Playing with glass

I played with molten glass and I lived to tell about it! Look, here’s proof!

Getting my glass all melty so I can work with it.

A good friend talked me into a Groupon deal at a glass art studio – a two-hour beginner class where we’d get to play with molten glass. Sure, I thought to myself, what better way to spend a hot Maryland summer evening than standing by a two-thousand-degree furnace and risking third-degree burns?
The class was at Lillie Pad Studios in Millersville, and I’m going to tell you about it, but please don’t trust me to be giving you accurate information about the process! I was faint from the heat and scared to burn myself, and mostly only paid attention to the “how to do this and not end up in the hospital” parts of the lesson. The instruction was really superb and I should have been more relaxed and taken it all in, but I was such a chicken!
The instructors got us some molten glass to work with by collecting it on the end of a long metal pole called a punty. When it first comes out of the heat, it’s the consistency of honey, so it’s important to keep the punty spinning gently to avoid letting your glass ooze to the floor. I was told I have an excellent sense of gravity. I’m so proud!
We made simple paperweights, and the first step was getting some color into our pieces. To do that, we dipped the hot glass into little colored glass chips, and then put it back into the fire to let it all melt together. Some colors are opaque and some of them are translucent, and mixing them right can get a great layering effect.

Then we let the glass drip into sturdy metal molds and take a shape. It cools quickly enough that you only need to hold it in place for under a minute, but the important part is to keep the punty completely vertical, or you’ll get a lopsided piece.

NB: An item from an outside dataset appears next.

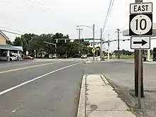 Delaware Route 10 runs east–west along the southeastern edge of Wyoming on Caesar Rodney Avenue, heading west through rural western Kent County to the Maryland border and east along Camden Wyoming Avenue through Camden toward an intersection with U.S. Route 13 and Dover Air Force Base. Delaware Route 15 runs north–south through Wyoming on Southern Boulevard and Railroad Avenue, heading north toward Dover and south toward Woodside.[17] DART First State provides bus service to Wyoming along Route 104, which passes along the eastern edge of town and runs south to the Walmart in Camden and north to the Dover Transit Center in Dover, where it connects to other local bus routes serving the Dover area.[18] The Delmarva Central Railroad's Delmarva Subdivision line passes north–south through Wyoming.[19] Jenkins Airport, a general aviation airport, is located just west of Wyoming.[17]

Once the glass was molded, we let it cool so the instructors could add more glass over the top of the shape, to make another layer. Then it was time to work the glass with some tools, to smooth it and prepare it to be chipped off the punty. We started with wet newspaper and our bare hands! Gravity pulls the glass downwards, and all we were doing with this step was keeping our hand under the dripping glass so it dripped into a roundish shape. With the punty constantly rolling, of course. I was petrified about this step, naturally, and focused so much on not burning my hand that I had a hard time coordinating the rolling part. The instructor stepped in and took over, because I couldn’t keep the punty straight.

Of course, it eventually has to come off the punty! We used jacks to make a channel in the glass while we were spinning it, and slowly pulled the paperweight part away from the pole, leaving it connected by a dime-sized section of glass.

Using the jacks to get the piece away from the punty

Letting gravity flatten out the bottom of the piece

The pieces had to cool slowly overnight in a special oven so the temperature differential wouldn’t cause them to shatter, so I had to wait to bring my paperweight home! Here are the final products from our group:

Mine is the monstrosity on the right!
It was a ton of fun, and it’s a hobby I could see myself enjoying very much, if not for the blistering heat. I’m whiny when I’m too hot! I felt bad because a couple of times I couldn’t handle standing in front of the glory hole (yes, that’s the actual name for the furnace thing, and yes, I also giggled), and my instructor had to “take the heat” for me. I might consider going back for more… in the winter.